Much of the data we handle for clients is sensitive. Golem keeps snapshots of our applications’ memory for fault-recovery; do we have any guarantees that these snapshots are stored securely, such as encrypted storage?
Golem promises to simplify workflows by no longer necessitating recovery systems for external faults. But won’t we still need these systems to mitigate potential internal errors? To take from the E-commerce example, Golem claims that we no longer need a recovery mechanism if the process crashes between the “payment transaction” and “dispatch to warehouse” step. But what if, say, a library we use has a bug and goes into infinite recursion between these steps? The worker will still crash and cannot be recovered. Won’t this require the same recovery systems in place as before?
Live updates of running Golem workers appears to be a difficult task. If the core model changes, then separate code will be required to transition the old state to the new state. This is an extra complication.
Potential future features
We had some ideas for potential future Golem features:
- Integration with other services. One reason for AWS Lambda’s popularity is its ease of integration with the rest of the AWS ecosystem. In the future, we would need similar such tools for any WASM application to integrate with Kafka, databases, etc. Right now, for a WASM app to communicate with Kafka for example, it would have to go through a REST proxy. Though one of Golem’s selling points is using it to replace Kafka, that would for now require dramatically rewriting our existing apps.
- The ability to simulate failures with the golem-cli. Our team enjoyed using Golem as a serverless cloud provider, but it was difficult to validate Golem’s uptime claims without being able to simulate external failures. Doing so would allow us to test how responsive Golem is and how our own app responds to these reboots
- A thorough example of the Promise system to demonstrate asynchronicity, workers spawning new workers to split workloads.
- Golem Worker and snapshot introspection. We thought it would be valuable to be able to see how Golem manages snapshots and worker state. Being able to inspect things such as the state, events, etc. would help us debug problems in our templates. We thought a graphical dashboard for tracking worker health and easy capturing failed states would do the trick.
Verdict
Golem is still in developer preview and not yet ready for production, but it still offers a workable proof of concept that lets us test their WASM serverless offerings.
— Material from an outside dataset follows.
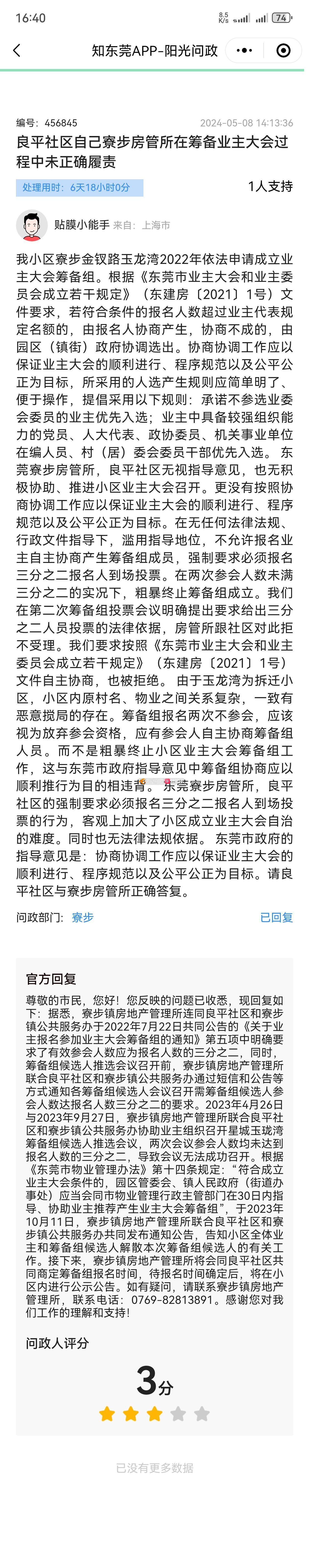 问政部门: 寮步

Despite our developers having many questions, we all agreed it is a very exciting technology that may be a potential paradigm shift in cloud computing.
For us, the durable computing concept is a tempting feature.We usually deploy serverless functions as intermediaries between front ends and backend micro services, or as simple stream processors, scheduled jobs, and such. Each time, we need to implement caches and semi-transient stores for failure tolerance; with Golem, that extra infrastructure and complexity would go away. Whilst the concept cannot replace event source architectures for now, it’s a very promising companion, especially for “backends for front ends.”
Hivemind is very excited to see what's next for Golem!